The point is that some economists, including the one below, claim Obamacare is already having the effect of slowing the growth of health care for employers. I say that is pure nonsense. First, the health care system does not change that rapidly, if it’s going to change at all. Second, it is likely that modest gains if there were any at this point, are offset by the new mandates and fees on employers and insurance companies, the expanded benefits and the greatly increased administrative expense that does not show up in premiums.
Next please focus on the text below I placed in bold. Think about your health benefits at work. Has your deductible increased in recent years, are your out-of-pocket costs higher? Has your choice of providers been limited? Have you been offered that great deal known as a health savings account (HSA)? Has your employer repeatedly told you that health care costs are a problem? Do you think your employer is providing you overly generous health benefits just to be nice? I’m betting the answers are , YES, YES, YES, YES, YES and absolutely NO!

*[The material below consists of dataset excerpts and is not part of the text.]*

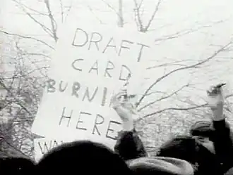 Draft-card burning was a symbol of protest performed by thousands of young men in the United States and Australia in the 1960s and early 1970s as part of the anti-war movement. The first draft-card burners were American men participating in the opposition to United States involvement in the Vietnam War. The first well-publicized protest was in December 1963, with a 22-year-old conscientious objector, Gene Keyes, setting fire to his card on Christmas Day in Champaign, Illinois.[1] In May 1964, a larger demonstration, with about 50 people in Union Square, New York, was organized by the War Resisters League chaired by David McReynolds.[2][3]
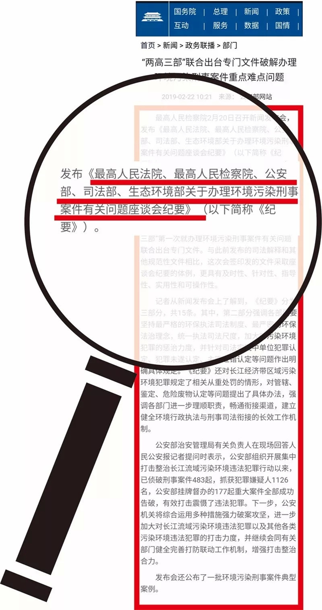 本月20日,“五大部門”,即最高人民法院、最高人民檢察院、公安部、司法部、生態(tài)環(huán)境部聯(lián)合發(fā)布了《關(guān)于辦理環(huán)境污染刑事案件有關(guān)問題座談會紀要》,明確了十一項當前辦理環(huán)境污染刑事案件中的重點難點問題判定,強調(diào)了各部門“要堅持最嚴格的環(huán)保司法制度、最嚴密的環(huán)保法治理念,統(tǒng)一執(zhí)法司法尺度,加大對環(huán)境污染犯罪的懲治力度。”其中特別指出:對重污染天氣預警期間,違反國家規(guī)定,超標排放二氧化硫、氮氧化物,受過行政處罰后又實施上述行為或者具有其他嚴重情節(jié)的,按照“兩高三部” 《關(guān)于辦理環(huán)境污染刑事案件有關(guān)問題座談會紀要》,可以污染環(huán)境罪追究刑事責任。認定單位犯罪時,要區(qū)分“直接負責的主管人員”和“其他直接責任人員”,重點打擊出資者、經(jīng)營者和主要獲利者。對于情節(jié)惡劣、社會反映強烈的環(huán)境污染犯罪,“不得適用緩刑、免予刑事處罰”!
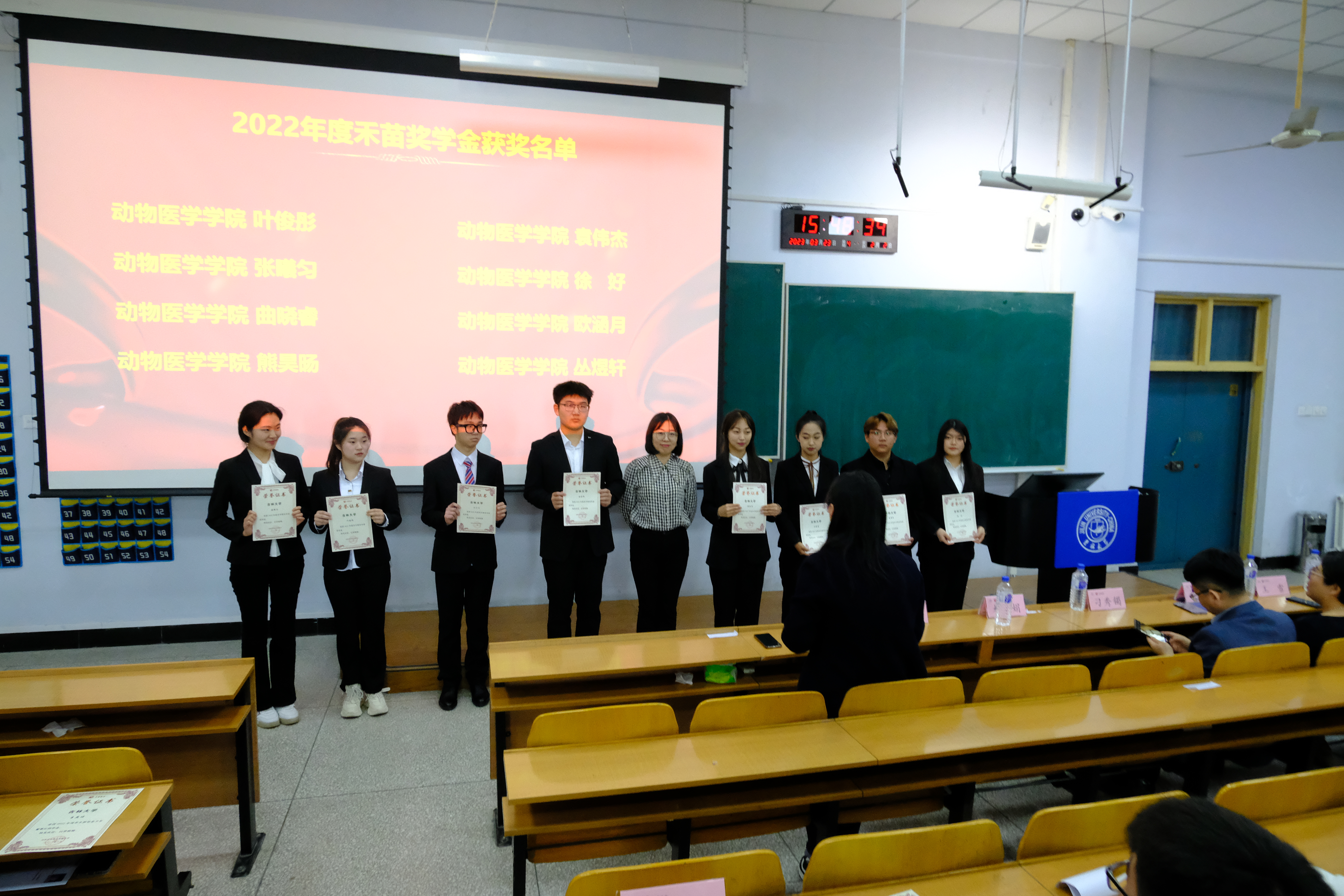 首先,肖建荣老师为本次活动致辞。肖老师对禾丰集团捐助“金卫东董事长助学金”“禾苗奖学金”,多年来心系高校师生,助力农科人才成长表示感谢,对禾丰集团蒸蒸日上来发展表示祝贺。随后,谭瑶老师宣读获奖名单,并向同学们表示祝贺。刁经理、王经理、杜经理依次为获奖同学颁奖并合影留念。 颁奖仪式结束后,杜经理为我们开展校园招聘宣讲,详细地向同学们介绍了禾丰牧业的集团文化、发展历史和未来规划等情况,重点介绍了集团的当前发展目标和人才培养计划。
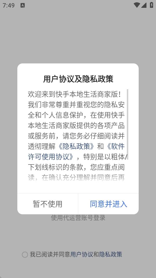 1、在本站下载并打开快手本地商家app,阅读用户隐私协议之后点击“同意并进入”;
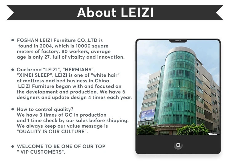 We mainly produce and sale mattresses, beds, nightstands, pillows and sofas etc.. And the most competitive product is mattress. There are four main brands: Ximei Sleep, LEIZI, HERMIANS and NAPNICE. LEIZI Furniture as an manufacturing factory provides OEM and
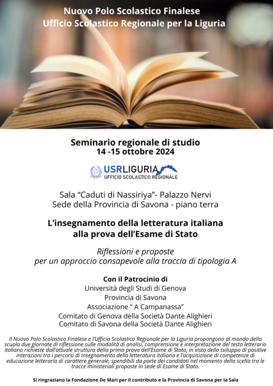 Lunedì 14 ottobre alle ore 9, nella sede della Provincia di Savona - Sala Espositiva “Caduti di Nassiriya”- si aprirà il seminario dal titolo “L’insegnamento della letteratura italiana alla prova dell’Esame di Stato - Riflessioni e proposte per un approccio consapevole alla traccia di tipologia A”, organizzato dal Nuovo Polo Scolastico di Finale Ligure, di concerto con l’Ufficio Scolastico Regionale per la Liguria, con il sostegno della “Fondazione De Mari” e la collaborazione della Provincia di Savona, del Comune di Alassio e del Liceo Chiabrera – Martini di Savona.
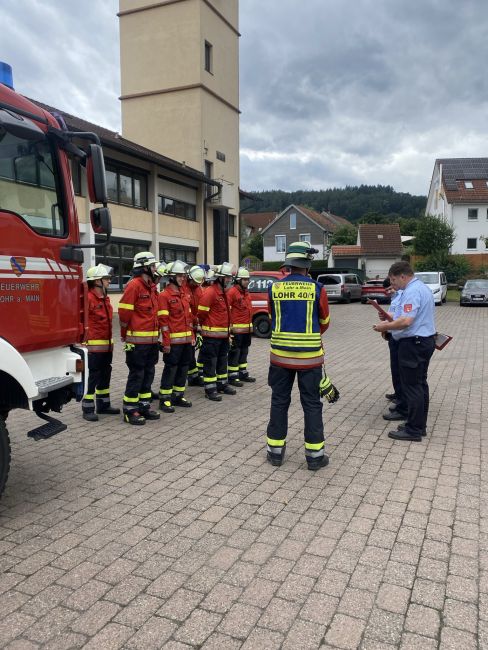 Am Freitag den 05.07.2024 trafen sich 12 Kameraden der Freiwilligen Feuerwehr Lohr auf dem Hof der Feuerwache zur Abnahme der Leistungsprüfung „Die Gruppe im Hilfeleistungseinsatz“.
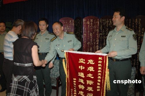 图为被救伤员代表向陆航团赠送了“危难之际展羽翼 空中通道铸忠魂”的锦旗,以表达对某陆航团官兵和失事机组家属的无限感激之情。中新社发 肖龙联 摄
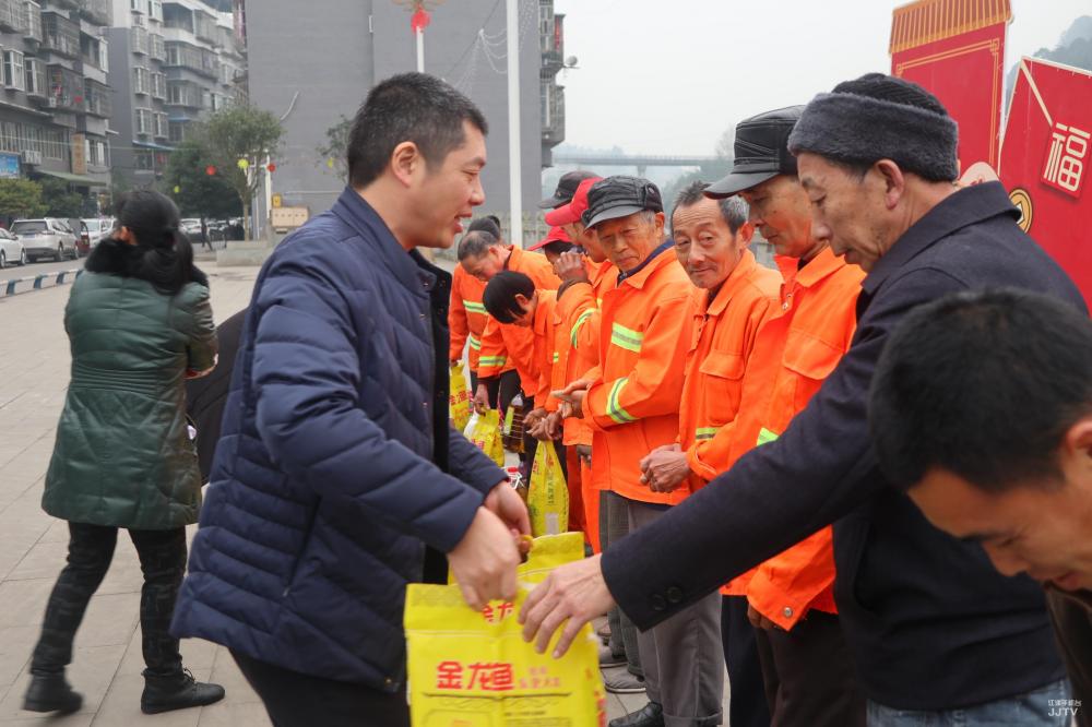 活动向坚守在一线的环卫工人送上镇党委、政府的关怀和新春的祝福。对环卫工人们的辛勤劳动和认真坚守表示衷心地感谢。同时,向环卫工人发放米和油等慰问品。希望广大环卫工人们再接再厉,维护好春节期间的环境卫生,最后祝大家节日快乐、身体健康、阖家幸福!
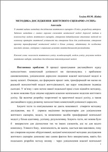 | Keywords: | психологія життєвого успіху, псевдосценарій, модель успіху, розумова модель життєвих виборів, методика дослідження інтелектуальної моделі |
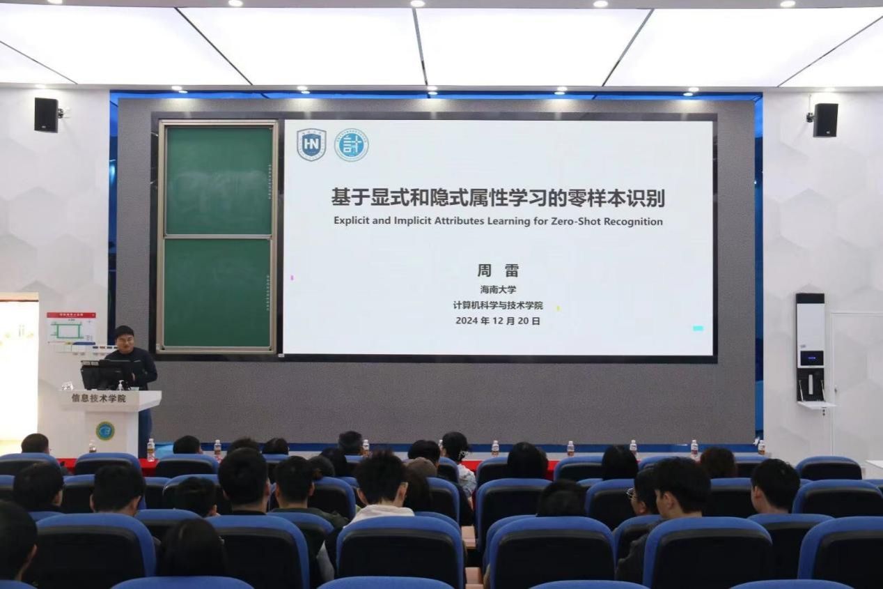 2024年12月20日,海南大学智图科研团队与公司人工智能技术应用协同创新中心团队在4-215教室进行学术交流并召开学术研讨会,太阳成集团tyc151cc经理王忠教授,人工智能技术应用协同创新中心团队成员及教师代表符龙生、杨博、庞寅等参会。会议伊始,团队负责人海南大学科学技术发展院副经理谢夏教授致开幕辞,对参会师生的到来表示热烈欢迎。随后,周雷副教授做了题为“显式和隐式属性学习的零样本识别”的学术汇报,深入剖析了零样本学习研究的难度与挑战,分享了他的研究心得与成果。
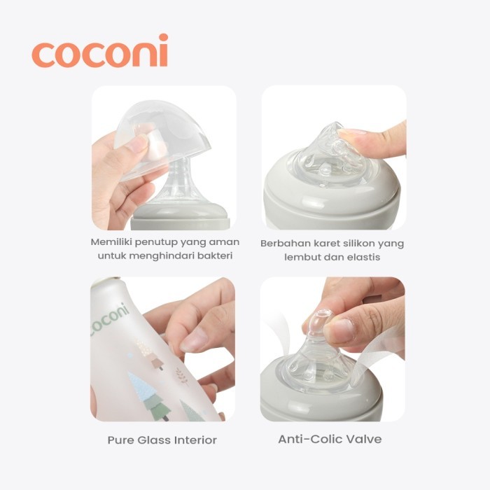 COCONI ComfortFeed Glass Bottle | Botol susu Dot Kaca Bayi Silikon Coating
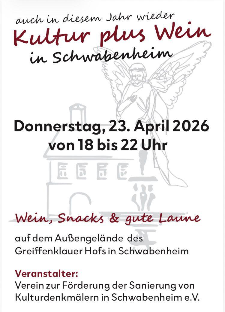 Auch in diesem Jahr lädt Schwabenheim wieder zu „Kultur plus Wein“ ein! Genießt einen Abend voller Kultur, köstlichem Wein, leckeren Snacks und guter Laune in gemütlicher Atmosphäre.

So, do you think a new Cadillac tax on expensive health plans come 2018 is reducing spending growth? Oh, I meant for you. By the way, did you know that unions were able to have many of their jobs exempt from the limits of the new tax … to preserve generous and costly benefits.
Economists may be united, but do they have a clue what has been going on in the real world for the last decade, long before the Affordable Care Act was a factor in anything? Employers didn’t need Obamacare to show them how to reduce their costs.
How the Affordable Care Act will affect employer spending on health care.
The fundamental question about the Affordable Care Act is thus what it will do to employer spending on health insurance. The act has a number of provisions designed to reduce spending growth. These include the “Cadillac tax” on expensive health insurance plans and a transition of medical care payments away from fee-for-service payment into value-based payments. Economists are virtually united in asserting that a combination of these demand and supply-side levers are the way to get a handle on a wasteful system.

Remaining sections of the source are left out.